Brief - Would you repeat the entries below exactly and omit the pictures?
-------- The records
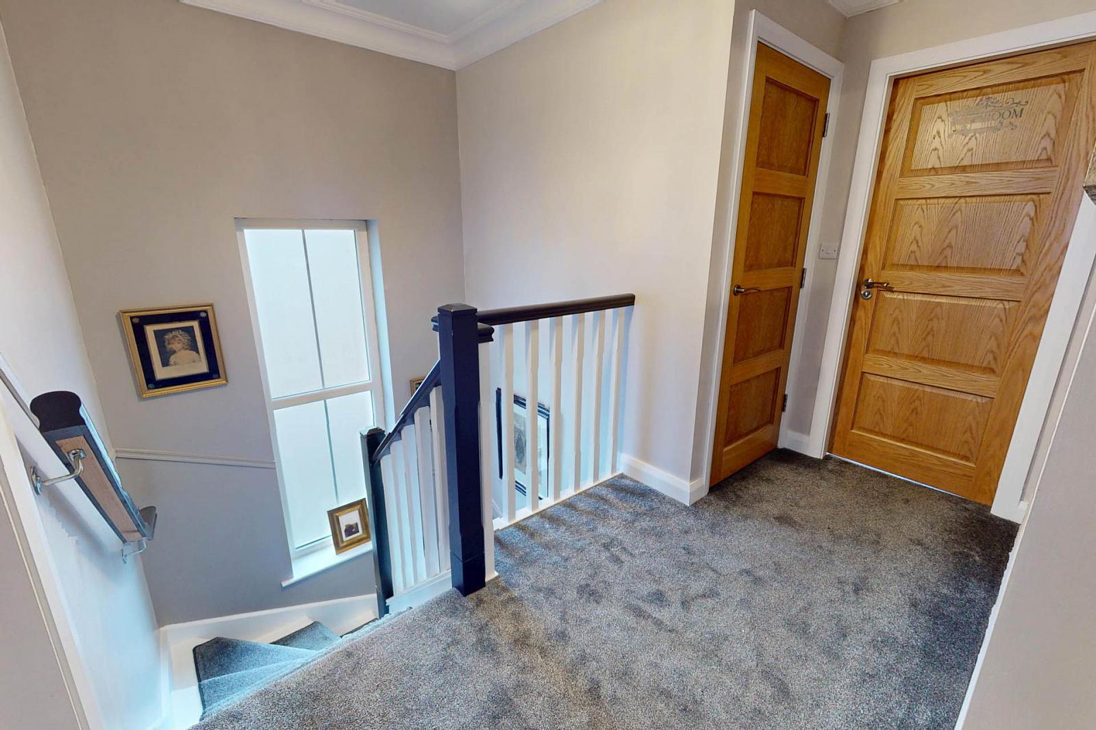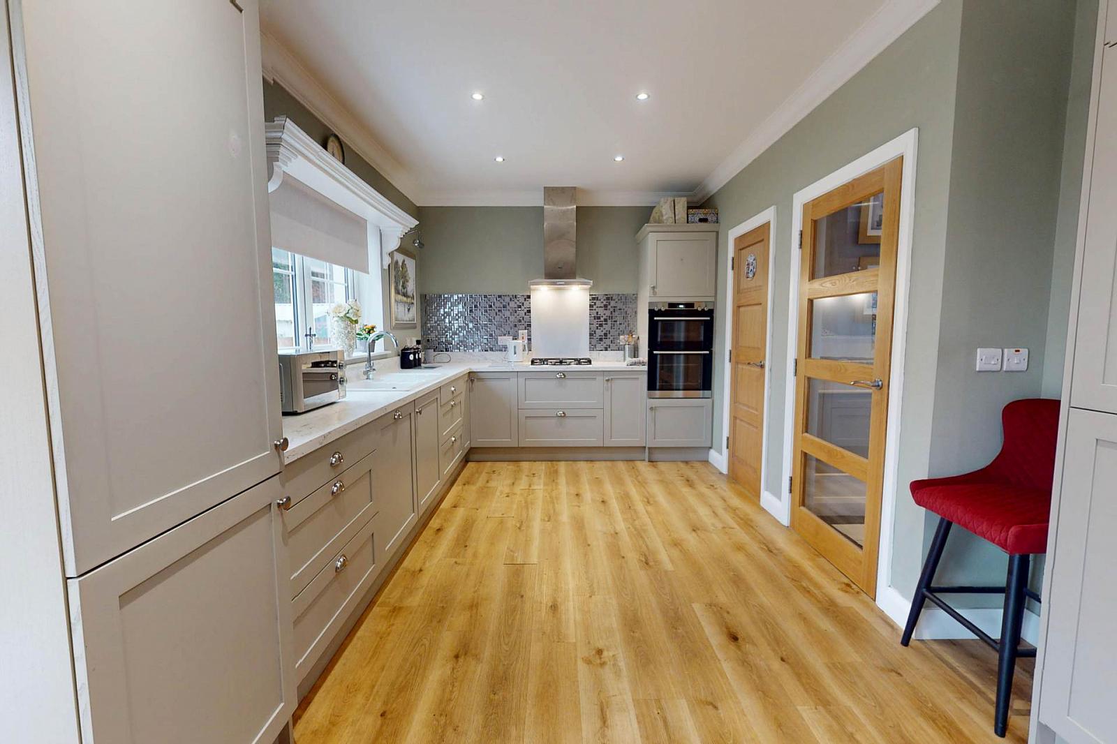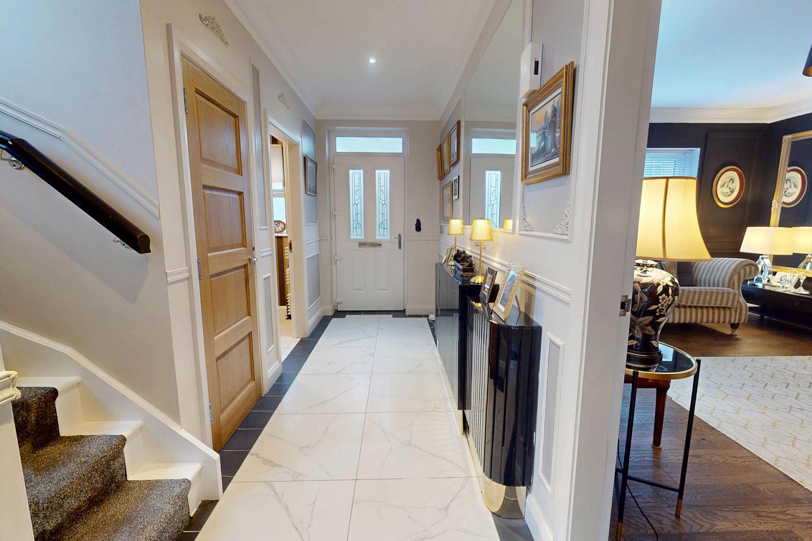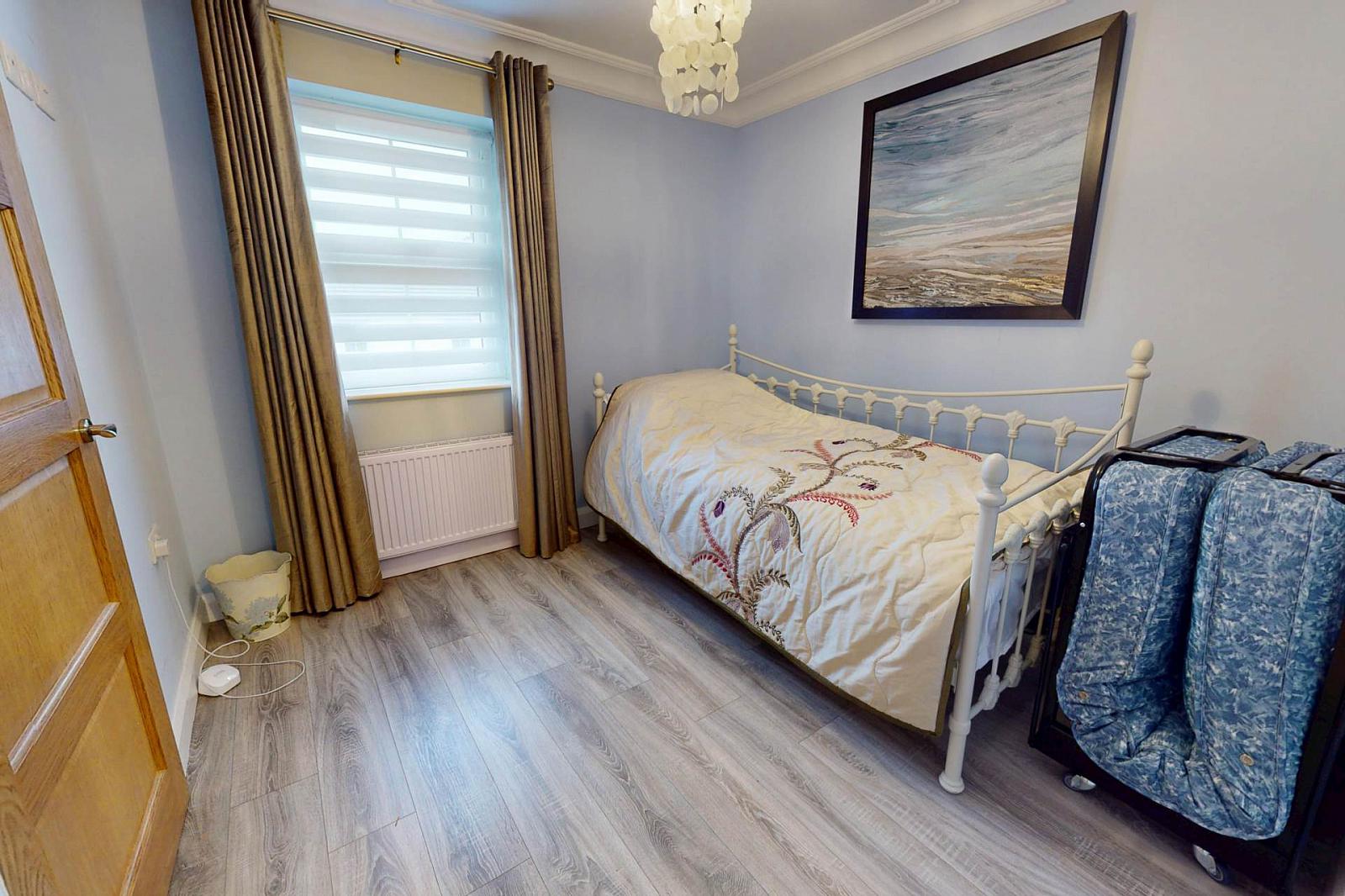 This three-bedroom residence blends contemporary style with thoughtful detailing. Bespoke panelling greets you in the entrance hallway and continues into the living room, where dark-painted walls, ceiling coving, and a sleek electric fireplace create a striking yet welcoming space. Large windows flood the home with natural light, softened by tailored blinds for privacy and control.
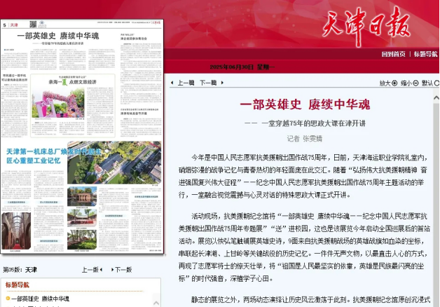 6月30日,《天津日報》刊發(fā)文章《一部英雄史 賡續(xù)中華魂—— 一堂穿越75年的思政大課在津開講》,報道天津海運職業(yè)學(xué)院組織開展“弘揚偉大抗美援朝精神奮進強國復(fù)興偉大征程”——紀念中國人民志愿軍抗美援朝出國作戰(zhàn)75周年主題活動。
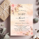 For a modern boho style baby shower. A rose gold, blush pink rustic faux metallic looking background. Decorated with rose gold and pink florals, roses, pampas grass. Personalize and add a name and party details.
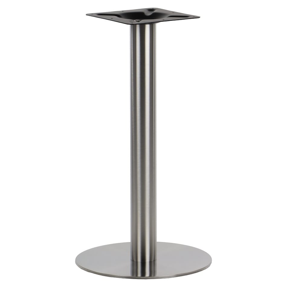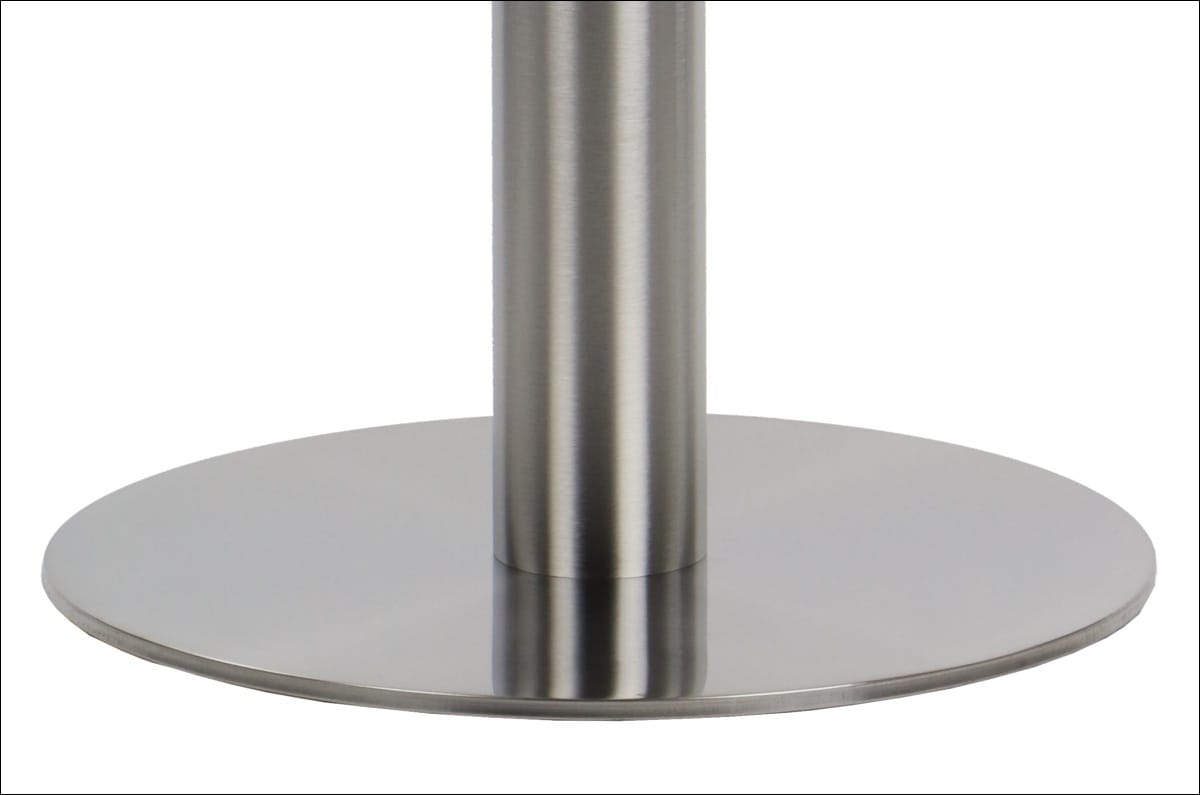 Dolny element podstawy SH-3001-1/S to koło o średnicy 39,5 cm wykonane ze stali i blachy nierdzewnej szczotkowanej. Noga ze stali nierdzewnej połączona została z elementem przeznaczonym do montażu blatu, który wykonano z blachy tłoczonej. Dzięki regulowanym stopkom podstawę można łatwo wypoziomować. Produkt przeznaczony jest do samodzielnego montażu.
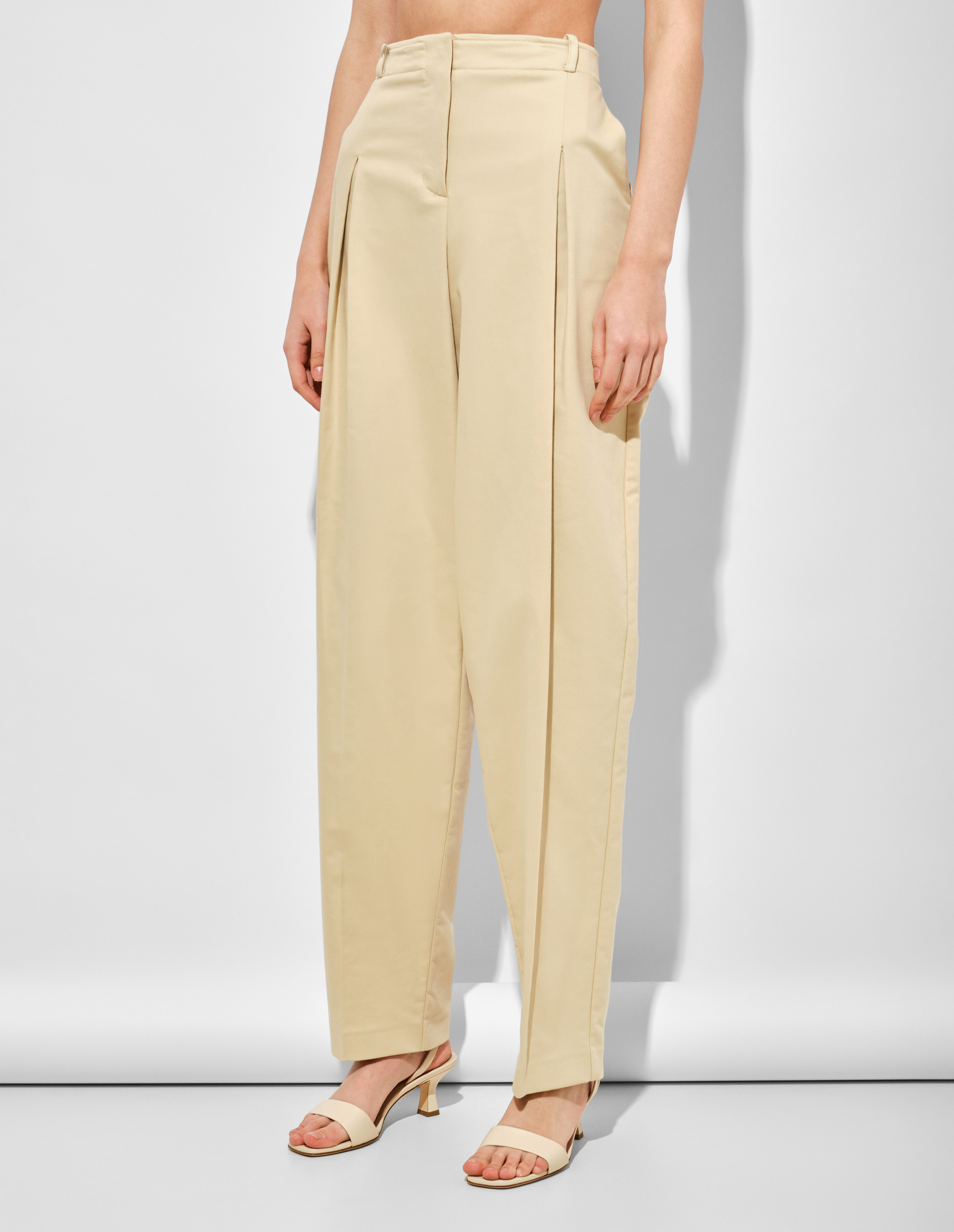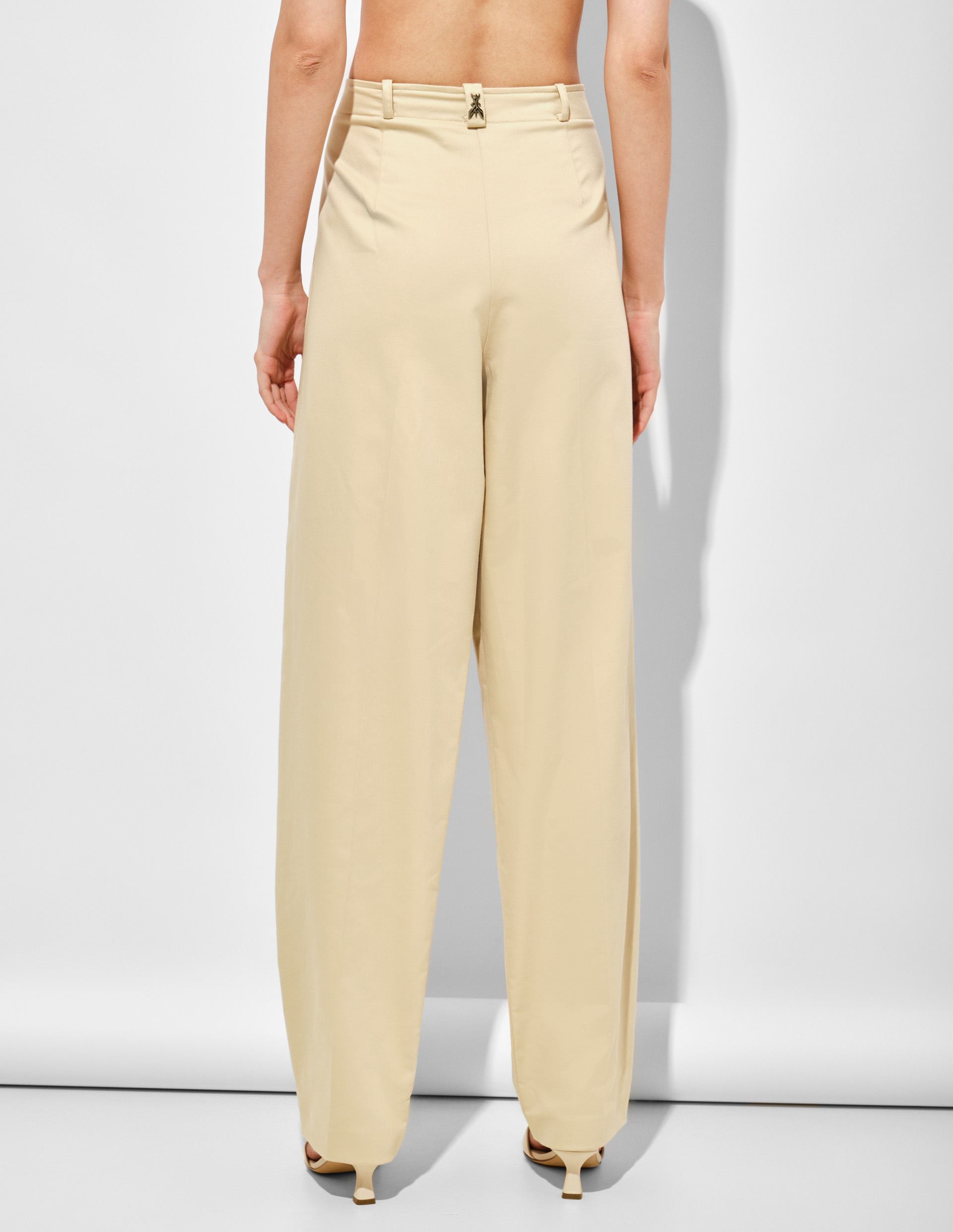 Эти брюки Patrizia Pepe, как множество оттенков женщины, которая уверенно выражает свой стиль, свободный от правил и ограничений. Модель преодолевает тонкий дуализм между грацией и самосознанием, мужественностью и женственностью, становясь новой классикой в вашем гардеробе. Выполненные из эластичного хлопка в изысканном бежевом оттенке, они дополнены встречными складками-защипами, переходящими в графичные стрелки, что формирует особый шарм. Золотистая мушка Fly на шлевке сзади — ДНК флорентийского бренда, символизирующая стилистическое и качественное содержание всей его продукции.
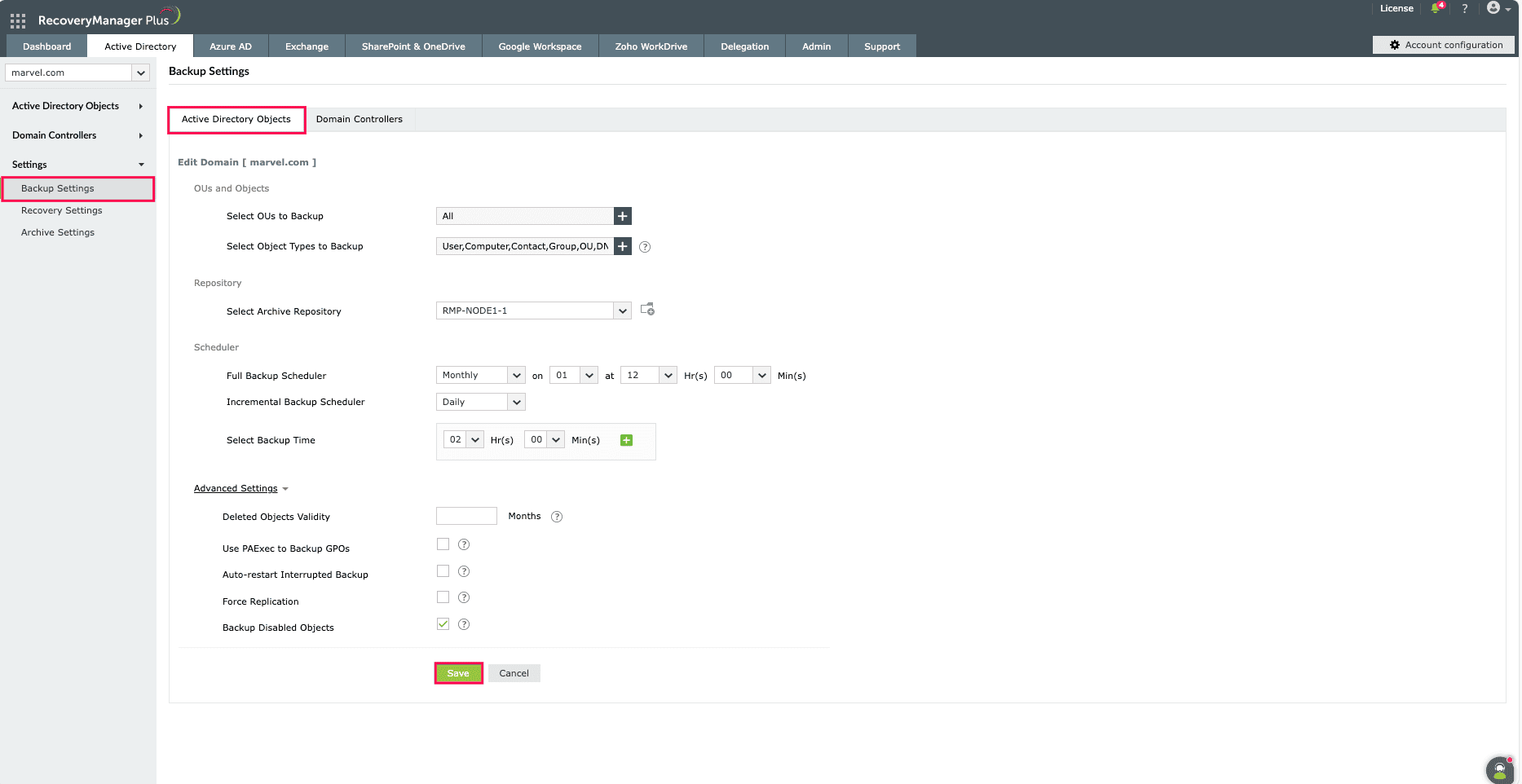 2. Navigate to the Active Directory tab > Active Directory Objects > Settings > Backup Settings > Active Directory Objects.
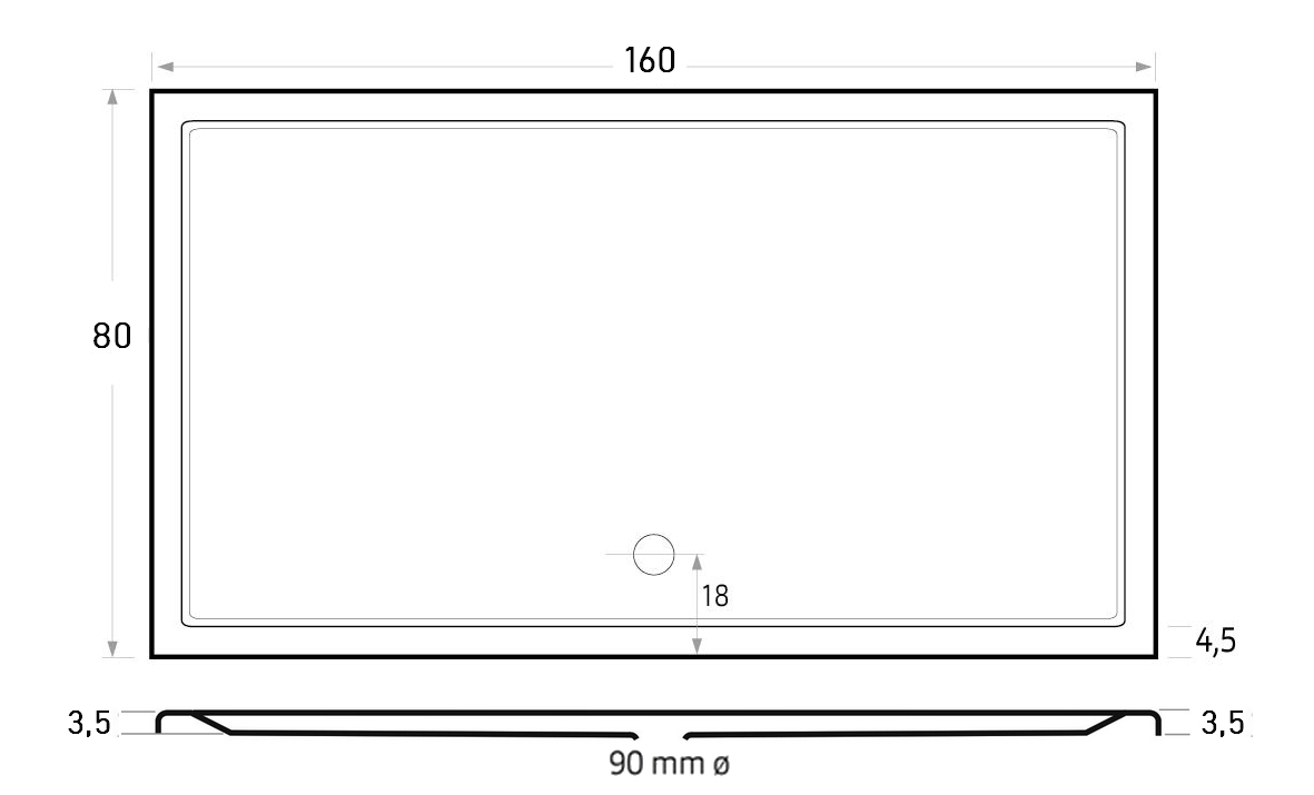 Xenz Mariana douchebak 160x80x4cm rechthoek Acryl Antraciet
----------------
Written solution -
 This three-bedroom residence blends contemporary style with thoughtful detailing. Bespoke panelling greets you in the entrance hallway and continues into the living room, where dark-painted walls, ceiling coving, and a sleek electric fireplace create a striking yet welcoming space. Large windows flood the home with natural light, softened by tailored blinds for privacy and control.
 6月30日,《天津日報》刊發(fā)文章《一部英雄史 賡續(xù)中華魂—— 一堂穿越75年的思政大課在津開講》,報道天津海運職業(yè)學(xué)院組織開展“弘揚偉大抗美援朝精神奮進強國復(fù)興偉大征程”——紀念中國人民志愿軍抗美援朝出國作戰(zhàn)75周年主題活動。
 For a modern boho style baby shower. A rose gold, blush pink rustic faux metallic looking background. Decorated with rose gold and pink florals, roses, pampas grass. Personalize and add a name and party details.
 Dolny element podstawy SH-3001-1/S to koło o średnicy 39,5 cm wykonane ze stali i blachy nierdzewnej szczotkowanej. Noga ze stali nierdzewnej połączona została z elementem przeznaczonym do montażu blatu, który wykonano z blachy tłoczonej. Dzięki regulowanym stopkom podstawę można łatwo wypoziomować. Produkt przeznaczony jest do samodzielnego montażu.
 Эти брюки Patrizia Pepe, как множество оттенков женщины, которая уверенно выражает свой стиль, свободный от правил и ограничений. Модель преодолевает тонкий дуализм между грацией и самосознанием, мужественностью и женственностью, становясь новой классикой в вашем гардеробе. Выполненные из эластичного хлопка в изысканном бежевом оттенке, они дополнены встречными складками-защипами, переходящими в графичные стрелки, что формирует особый шарм. Золотистая мушка Fly на шлевке сзади — ДНК флорентийского бренда, символизирующая стилистическое и качественное содержание всей его продукции.
 2. Navigate to the Active Directory tab > Active Directory Objects > Settings > Backup Settings > Active Directory Objects.
 Xenz Mariana douchebak 160x80x4cm rechthoek Acryl Antraciet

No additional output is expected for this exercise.